Matthiessen, you may recall, is also the author of In the Spirit of Crazy Horse, a non-fiction work about Leonard Pelletier, and over which he was sued by an FBi agent for defamation. He was also a founding member of the Paris Review, along with George Plimpton and the poet, Donald Hall. At the time of the magazne's beginning, he was also working for the CIA. He experimented early in the sixties with mind-bending drugs, an experience that lends to a long sequence in the novel when Lewis Moon also partakes and has visions. A very interesting man, indeed.

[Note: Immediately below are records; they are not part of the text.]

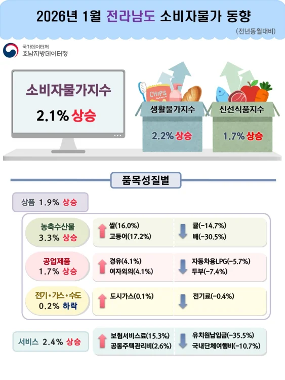 전남 1월 소비자물가지수는 전년동월대비 2.1% 상승했다. 전국 평균보다는 웃돌았다.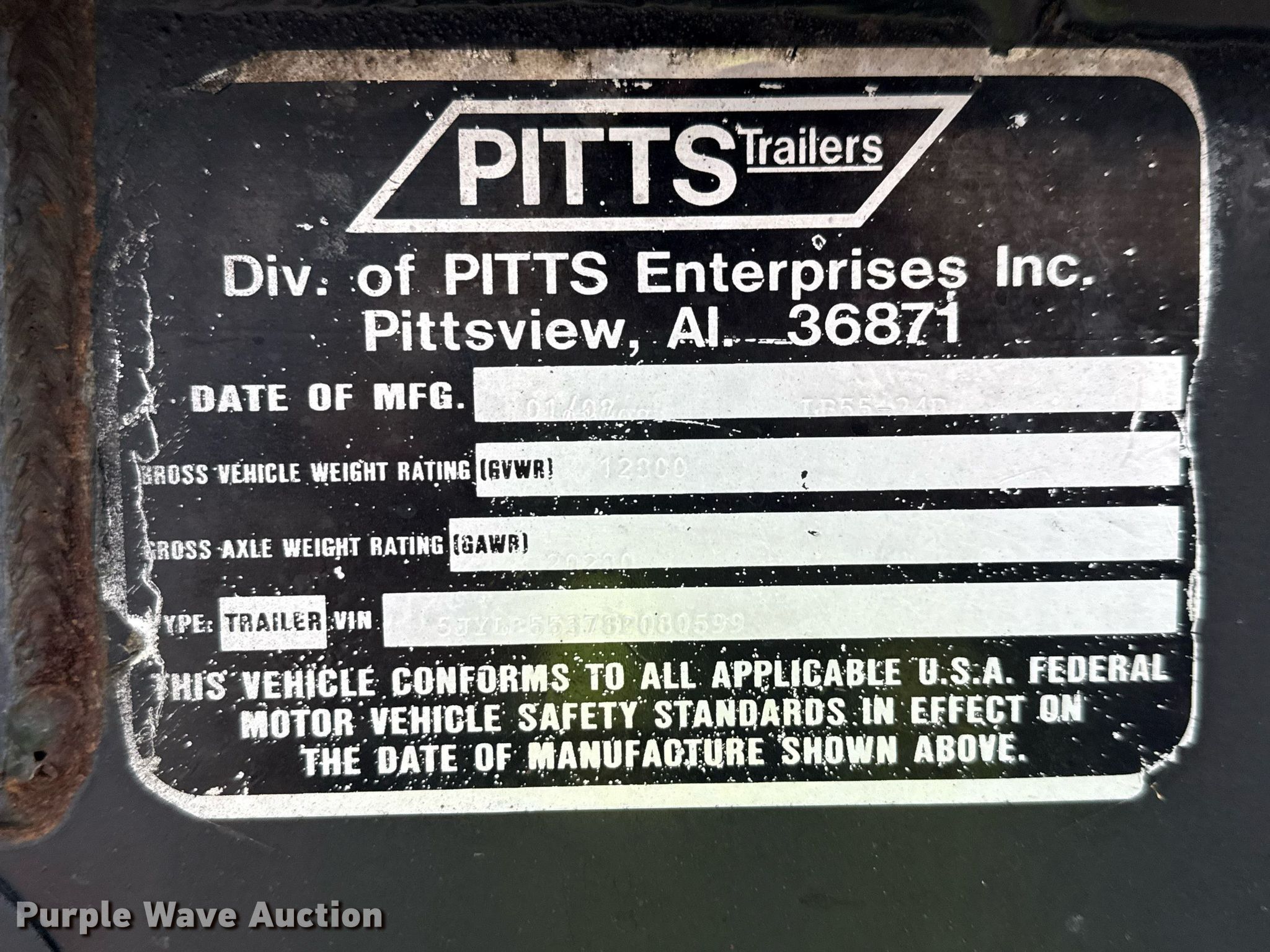 Purple Wave is selling a used Equip. Trailer in Texas. This item is a 2008 Pitts lowboy equipment trailer with the following: VIN: 5JYLB55378P080599, Unit #: 6992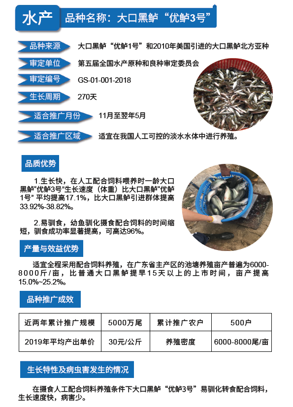2020年农业主导品种:大口黑鲈“优鲈3号”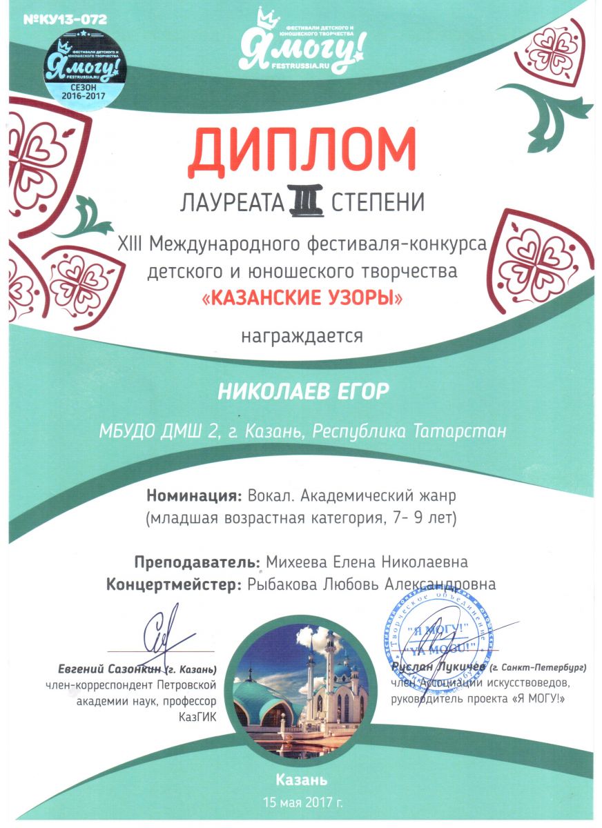 Николаева Егора, с присвоением звания ЛАУРЕАТ III СТЕПЕНИ, класс преподавателя Е.Н.Михеевой, концертмейтер Л.А.Рыбакова
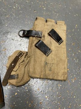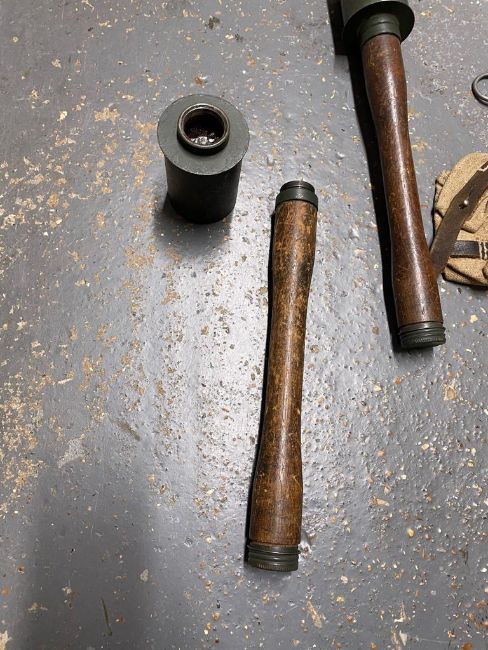 A reproduction WWII German MP40 mag pouch and two inert dummy stick grenades. This lot will be available to collect in person 48 hours after the end of the sale. Please contact the office admin@humbertellis.com for collection appointments / postage quotes / courier information.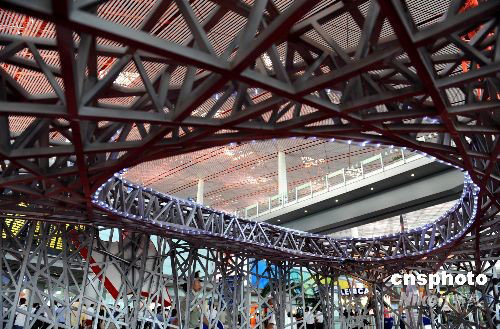 图:首都机场搭建“鸟巢”欢迎奥运宾朋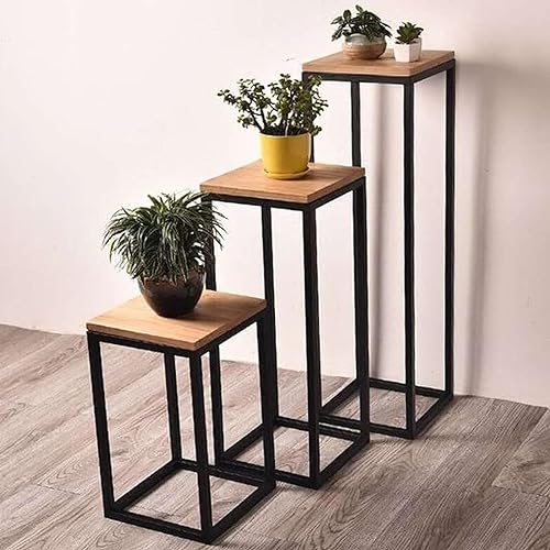 OPEX - مجموعة من 3 قطع من التميز المعدني 30، 25، 20 سم - أسود وبيج، خشب معدن

At Play was adapted to the screen in the early 1990's by Hector Barbenco, director of Kiss of the Spider Women. It received a mixed critical response at the time. I loved it, and not just because I got to see Darryl Hannah naked in it. The cast is terrific, with the aforementioned Ms. Hannah, John Lithgow, Aidan Quinn, Tom Berenger, Kathy Bates and Tom Waits. If you can find the movie, I highly recommend it. The Netflix doesn't seem to have it, though there are a few clips at the Imdb. The movie certainly piqued my interest in reading the book. Both achieve the level of art. Watch and read if and when you can.
Saturday, January 7, 2012
Department of Book Reports: Occult America
Occult America, The Secret History of How Mysticism Shaped Our Nation by Mitch Horowitz (Bantam, $16) Mitch Horowitz is an editor and author of occult and esoteric topics and here he places out a fine history of their influences in America's history. Starting with the German philosopher Johannes Kelpius' pilgrims arrival in Philadelphia in 1694 and the "Burned-over District" of upstate New York he shows how these early thinkers promoted social progress and individual betterment.Albany and the Hudson Valley became known as The Burned-over District because it was once home to so many prophets and ideologies that burned bright and launched religions across the country. Mother Ann Lee's Shakers settled here and Joesph Smith found his Seeing Stones here. Millerites, or Seventh-day Adventists, the Universal Publick Friend, Masons, Mesmerism, and Transcendentalism all had homes here.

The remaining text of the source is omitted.